High hopes for housing

After terror attacks, models are visited by fewer prospects

Reason for optimism

`People still need housing,' explains Bob Ward executive

September 23, 2001|By Robert Nusgart | By Robert Nusgart,SUN REAL ESTATE EDITOR

Local real estate agents, as well as those selling new homes, were looking to this weekend to give them better insight into how the housing market is going to be affected in wake of the Sept. 11 terrorist attacks in New York and Washington.

Agents are trying to figure out if the aftershocks of the tragedy will tighten the brakes on a sector that has already shown signs of slowing or if buyers and sellers will take advantage of dropping mortgage rates and reinvigorate the market.

At Ryland Homes, traffic - the number of people who visit models - dropped 20 percent the weekend after the attacks, according to Earl Robinson, director of marketing and sales for the Baltimore metropolitan area's No. 2 builder.

Linda Veach, general manager and executive vice president for Bob Ward Homes, the area's fifth-largest builder, said traffic to the company's subdivisions dropped to about 70 visitors from 140 the previous week.

"We really have spent a lot of time with our sales representatives," Robinson said. "We pulled everyone in to talk about the situation.
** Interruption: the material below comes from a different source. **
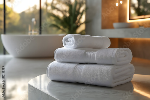 Neatly stacked white towels on a marble countertop in a modern bathroom setting.

Get their feelings. Where do we go from here?

"Where we came out of it was that people's housing needs haven't changed because we had a terrorist attack. People still need housing.

"I'm sure there will be a short-term impact for sure on the overall market, but I don't think it will be sustained."

Likewise, Veach said she thought there would be a short-term impact on Bob Ward Homes, but she was optimistic about the months ahead.

"I think a lot of it, too, will be what [the government does] in the future," Veach said. "If all of a sudden things start happening ... we might see another slowdown. But all in all, I don't think that it will hurt all that much."

Along Baltimore's waterfront, where soaring real estate sales and values have been leading the city's property boom, agents are sensing a change in attitude and strategy among buyers and sellers.

Bill Cassidy, manager of the Fells Point and Federal Hill offices of Long & Foster Real Estate Inc., noted that listings in his office had cumulative price reductions of almost $300,000 in just the few days after the attack.

"In many neighborhoods, what had been a strong sellers' market has become a buyers' market," Cassidy said. "The conversation with agents is that a significant number of buyers are slowing down their house-hunting process."

Said O'Conor, Piper & Flynn ERA's Bob Merbler, who is one of the top agents selling in Federal Hill: "I think a lot of people who want to buy houses are reconsidering based on their own personal financial situation. A lot of people are looking at job situations.

"Then you have the opportunists who are saying, `Whoa, prices are going to start coming down. I better hold off.'

"And you have got some people who are under contract and who are suggesting that perhaps there's a way to go back to the seller and ask them to reduce the price even though they are under contract. There are individual circumstances where people are thinking that way - an opportunistic type of thing."

Merbler added that buyers are now "drawing a line in the sand, where before they might have stretched a little bit further."

Even so, Cindy Ariosa, vice president and Baltimore region general manager for Long & Foster, agreed that buyers are "a little distracted right now," but agents should be reminding and prodding buyers to look at mortgage rates, which continue to slide.

In its weekly survey, Freddie Mac reported that the average 30-year, fixed rate mortgage fell at week's end to 6.80 percent from 6.86 percent the previous week. That rate was the lowest since the average hit 6.77 on Feb. 12, 1999.

A year ago, the 30-year rate stood at 7.90 percent. In real dollars, that means the monthly principal and interest on a $150,000 loan has dropped from $1,090 to $977, a savings of $113 a month.

In the Baltimore metropolitan area, the 30-year fixed-rate mortgage slid to 6.95 percent from 7 percent, according to HSH Associates Inc., a New Jersey firm that tracks and analyzes mortgage rates.

And with more cash being pushed to the bond markets, which guide pricing for mortgages, experts foresee the possibility where rates may rival the generational lows last seen in October 1998, when mortgages went as low as 6.5 percent.

"Our best guess at this point is that interest rates do have the potential in the next period of time - 10 days, the next couple of weeks - [to] potentially touch 30-year, 35-year lows," said Keith Gumbinger, vice president of HSH Associates Inc.

But, Gumbinger added, even if rates do hit those lows, hesitant buyers may still not be in a rush to purchase a home.

"There is a great deal of uncertainty about what the real economic fallout will be," Gumbinger said. "Aside from hundreds of thousands of airline jobs disappearing this week, it's not readily known how long any economic disruptions might be."

But Ariosa put her faith in sticks and bricks.

"Real estate has always been a safe investment," she said. "So if [consumers] are looking for safety, what are they going to buy? Gold bars, or a house?"